About this task => Only the pictures are to be left out; please reproduce everything else in the data exactly.

▼▼▼

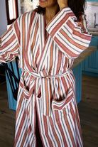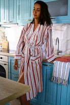 Relax at home wearing this fiery robe. We use it right out of the shower: It's the lightweight fast-drying robe you always wanted. It's cozy to wear at home every day, while some of our customers can pull off wearing it as a summer trench coat.
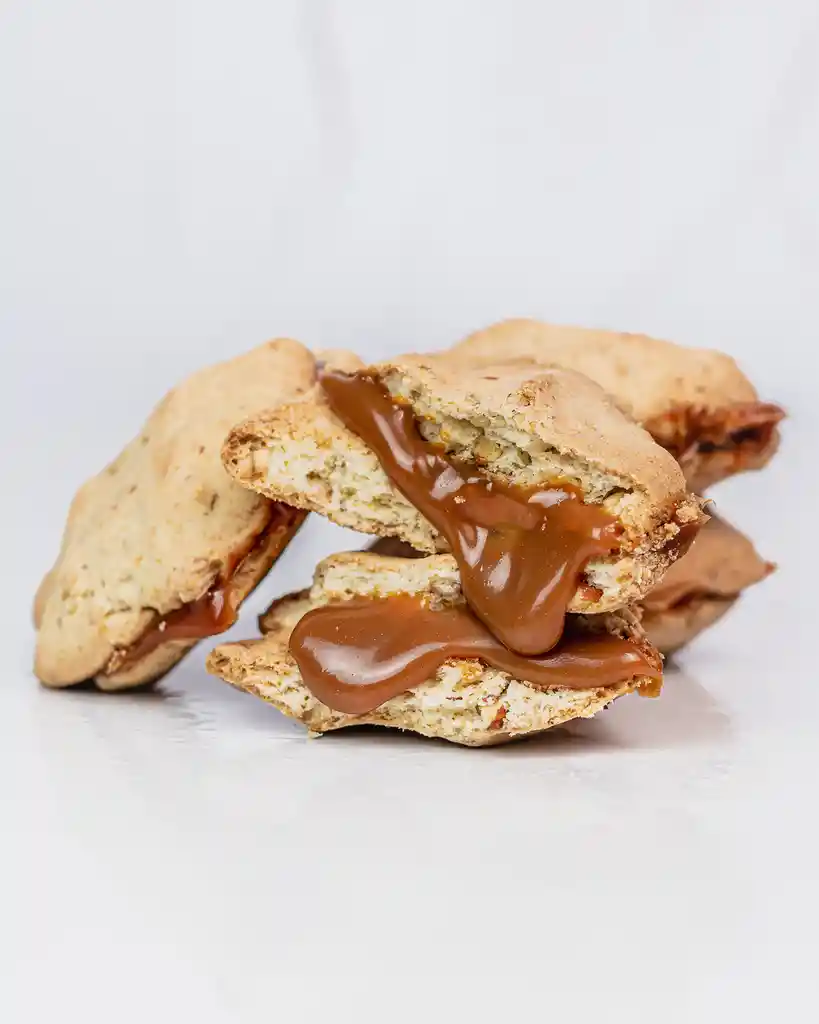 Elaborado con harina de avena, avena en hojuelas, endulzado con Stevia, mantequilla clarificada, huevos y arequipe sin azúcar.
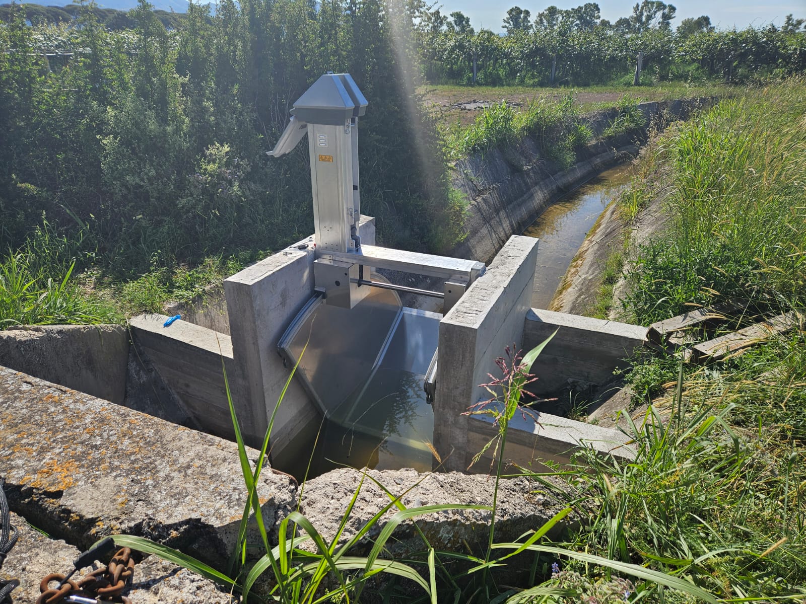 Così, si prospetta una nuova fase per l'irrigazione emergenziale nell'Agro Pontino: a Casal delle Palme, nel comune di Latina, è stata infatti installata la prima paratoia di tipo Flumegate a tecnologia australiana; gestita da un software con Intelligenza Artificiale ed alimentata da pannelli solari, questa tipologia di manufatto è realizzata in alluminio utilizzato nell’ingegneria aerospaziale, che la rende unica al mondo per leggerezza e resistenza. Finanziato con 8 milioni e mezzo concessi dal Ministero Agricoltura Sovranità Alimentare e Foreste, il progetto, ideato dal Consorzio di bonifica Lazio Sud Ovest per fronteggiare la riduzione delle piogge, prevede oltre cento sbarramenti autonomi (10 ulteriori alloggiamenti per paratoie sono già pronti), ma collegati, grazie ad una rete ad uso esclusivo. La finalità è quella di riconvertire l’esistente schema di distribuzione idrica in un sistema a più alta efficienza per quegli utenti, che si approvvigionano con mezzi propri, laddove il territorio non sia servito da impianti irrigui collettivi (irrigazione di soccorso).
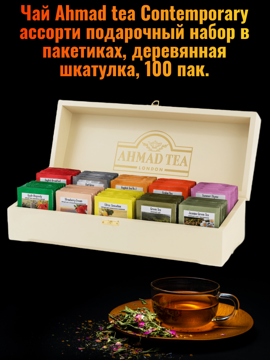 Купить Z583-2 Чай "Ahmad Tea", "Коллекция Ahmad Tea", в шкатулке из дерева, пакетики в конвертах из фольги
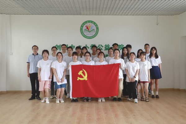 全体书院党员前往还在建设中的刘洲中心小学公益书院,面对党旗重温入党誓词,其他非党员队员参加合影。

▲▲▲

Result for this task =>
 Relax at home wearing this fiery robe. We use it right out of the shower: It's the lightweight fast-drying robe you always wanted. It's cozy to wear at home every day, while some of our customers can pull off wearing it as a summer trench coat.
 Elaborado con harina de avena, avena en hojuelas, endulzado con Stevia, mantequilla clarificada, huevos y arequipe sin azúcar.
 Così, si prospetta una nuova fase per l'irrigazione emergenziale nell'Agro Pontino: a Casal delle Palme, nel comune di Latina, è stata infatti installata la prima paratoia di tipo Flumegate a tecnologia australiana; gestita da un software con Intelligenza Artificiale ed alimentata da pannelli solari, questa tipologia di manufatto è realizzata in alluminio utilizzato nell’ingegneria aerospaziale, che la rende unica al mondo per leggerezza e resistenza. Finanziato con 8 milioni e mezzo concessi dal Ministero Agricoltura Sovranità Alimentare e Foreste, il progetto, ideato dal Consorzio di bonifica Lazio Sud Ovest per fronteggiare la riduzione delle piogge, prevede oltre cento sbarramenti autonomi (10 ulteriori alloggiamenti per paratoie sono già pronti), ma collegati, grazie ad una rete ad uso esclusivo. La finalità è quella di riconvertire l’esistente schema di distribuzione idrica in un sistema a più alta efficienza per quegli utenti, che si approvvigionano con mezzi propri, laddove il territorio non sia servito da impianti irrigui collettivi (irrigazione di soccorso).
 Купить Z583-2 Чай "Ahmad Tea", "Коллекция Ahmad Tea", в шкатулке из дерева, пакетики в конвертах из фольги
 全体书院党员前往还在建设中的刘洲中心小学公益书院,面对党旗重温入党誓词,其他非党员队员参加合影。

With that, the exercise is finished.